For the third quarter of 2017, we reported $8.7 million in total capital expenditures, $6.8 million of which was in our Southeast terminals segment associated with our Collins terminal expansion. As of September 30, 2017, remaining expenditures for approved projects are estimated to be approximately $15 million. Approved expenditures primarily include the remaining construction costs associated with the expansion at our Collins terminal, as further discussed above. We expect to fund our investment and expansion expenditures with additional borrowings under our revolving credit facility.
The Partnership previously announced that it declared a distribution of $0.755 per unit for the period from July 1, 2017 through September 30, 2017. This $0.015 increase over the previous quarter reflects the eighth consecutive increase in the distribution and represents annual growth of 7.9% over the prior year third quarter. This distribution was paid on October 31, 2017 to unitholders of record on October 23, 2017.

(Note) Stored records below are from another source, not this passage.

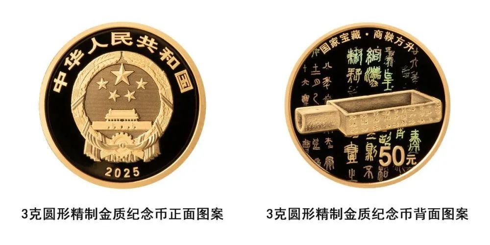3克圓形金質紀念幣背面圖案為商鞅方升造型,襯以商鞅方升局部銘文字樣,並刊“國家寶藏·商鞅方升”字樣及面額,最大發行量5000枚。
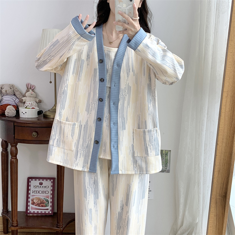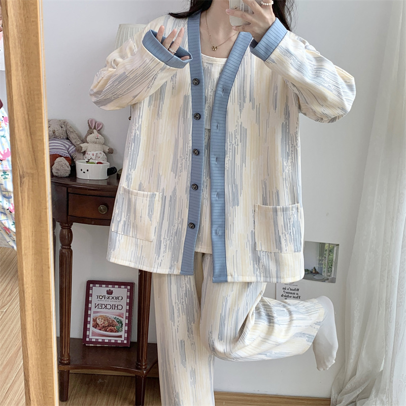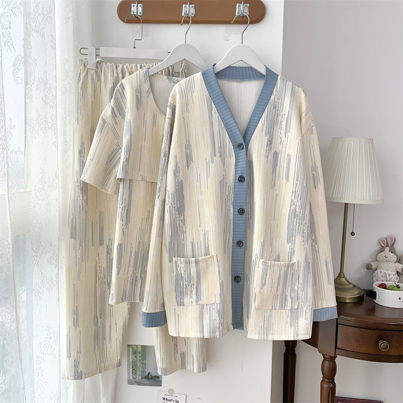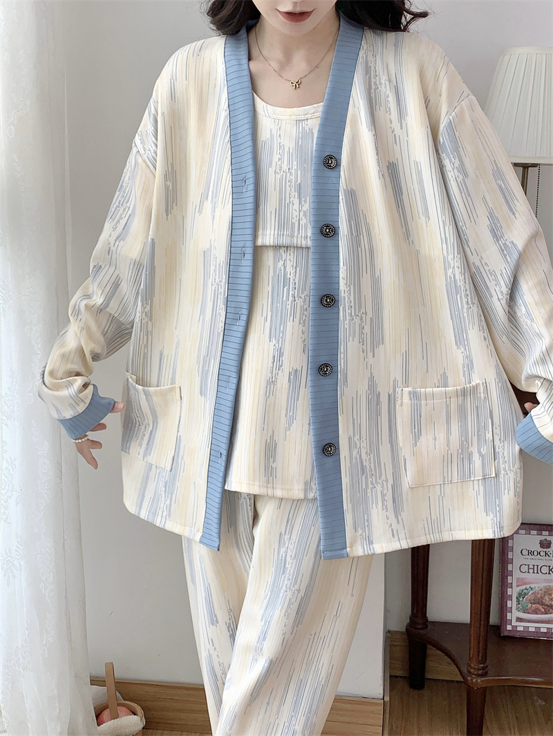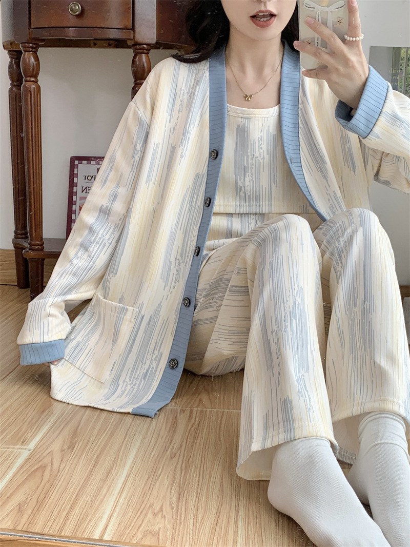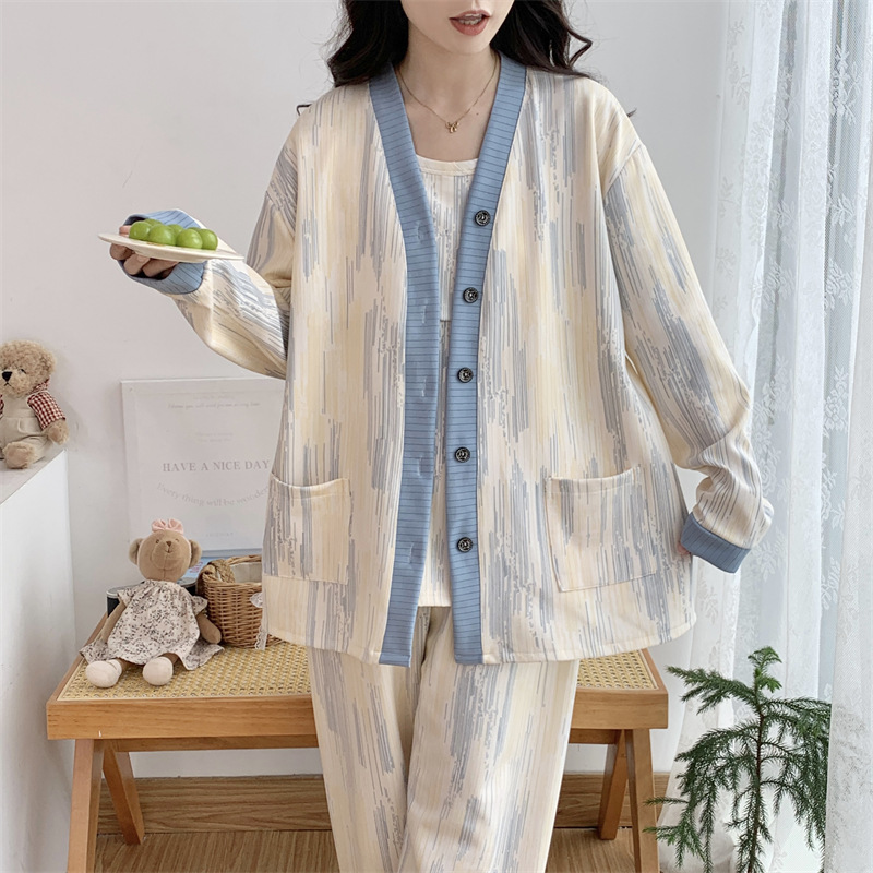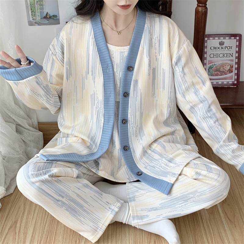 Весенне-осенний комплект для беременных больших размеров (до 136 кг), 4-9 месяцев после родов, для кормящих мам, из трех предметов, летняя пижама для кормящих мам, удлиненный крой
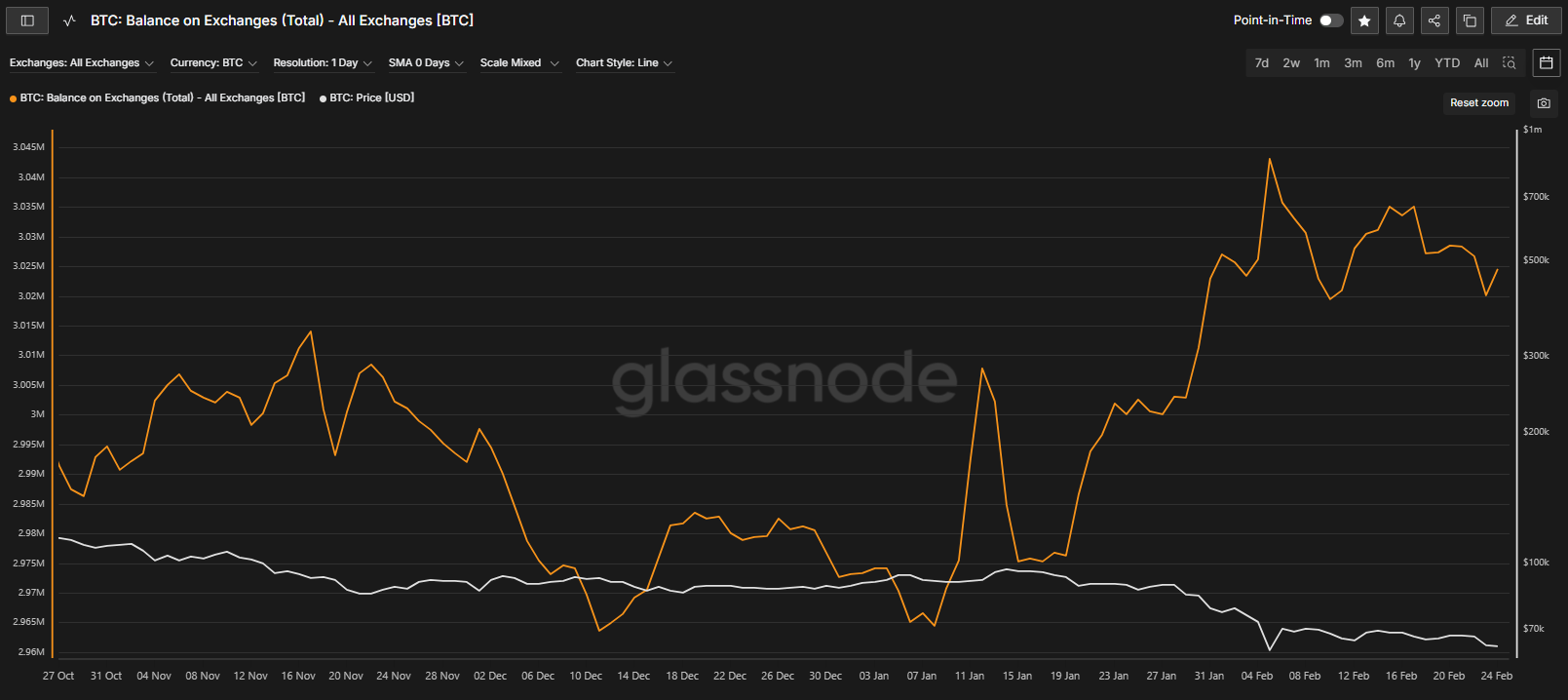 Vklady BTC na burzy rastú. Zdroj: glassnode.com
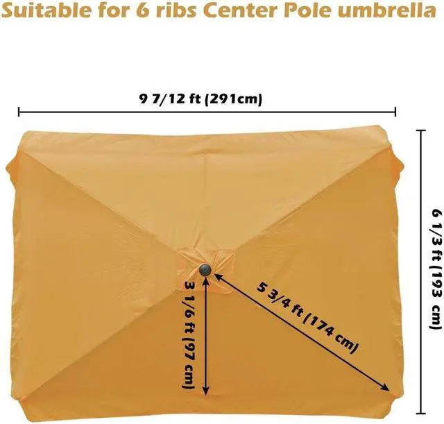 - Compatibility - Universal Replacement Umbrella Canopy fits 10x6.5ft 6-rib patio umbrella with long rib length from 5 2/3 to 5 3/4ft and short rib length from 3 1/6 to 3 1/4ft, also compatible with our umbrella model YES0292, YES0313 and YES0315; It features a rectangular design with dark yellow color for modern stylish style which matches well with different beach chairs to deliver a summer coastal vibe

ABOUT TRANSMONTAIGNE PARTNERS L.P.
TransMontaigne Partners L.P. is a terminaling and transportation company based in Denver, Colorado with operations in the United States along the Gulf Coast, in the Midwest, in Houston and Brownsville, Texas, along the Mississippi and Ohio Rivers and in the Southeast. We provide integrated terminaling, storage, transportation and related services for customers engaged in the distribution and marketing of light refined petroleum products, heavy refined petroleum products, crude oil, chemicals, fertilizers and other liquid products. Light refined products include gasolines, diesel fuels, heating oil and jet fuels. Heavy refined products include residual fuel oils and asphalt. We do not purchase or market products that we handle or transport. News and additional information about TransMontaigne Partners L.P. is available on our website: www.transmontaignepartners.com.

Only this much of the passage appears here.